Energy levels of molecules, ranging from the microwave domain of electron and nuclear spins (ESR, NMR), through the regimes of vibrational modes (IR, Raman), valence electronic processes (vis-UV), on to inner-shell processes (X-ray absorption) and even up to nuclear excitation (Mössbauer) are all studied at McMaster. Conventional and laser optical techniques as well as synchrotron radiation and charged particle impact spectroscopies are being used for analysis. As physical chemists we are interested in studying molecular structure and internal molecular motion by NMR, the creation and decay of highly excited inner-shell states through electron energy loss and synchrotron X-ray absorption techniques, and the short time scale dynamics of intra- and inter-molecular interactions via sub-picosecond laser techniques.
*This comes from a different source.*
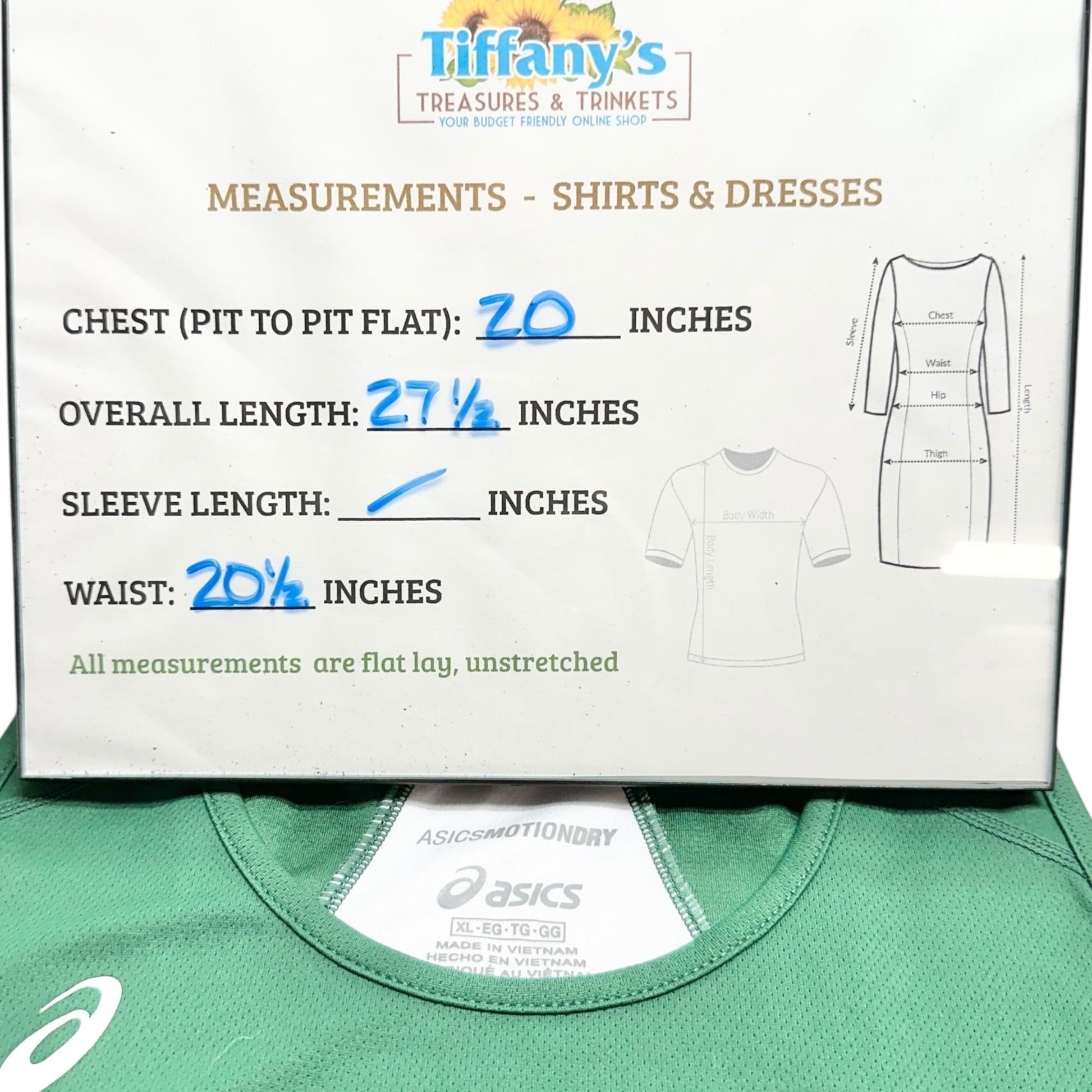 Chest (pit to pit flat) = 20 inches

A Good theory should both interpret experimental results within existing scientific frameworks, and provide predictions which may expose the limitations of just these frameworks. This is true for the atomic domain of quantum mechanics, for the interface of quantum and classical descriptions called statistical mechanics, and for macroscopic effects and reactions treated by thermodynamics and kinetics. One of our groups has developed improved quantum mechanical interpretations of the electronic charge distributions in molecules, thereby clarifying the nature of chemical bonding. Others combine quantum mechanics with experiments to correlate molecular structures with intramolecular motion and tunnelling processes. Statistical theories of kinetics and dynamics in both the "smooth" and chaotic regimes are under study as well.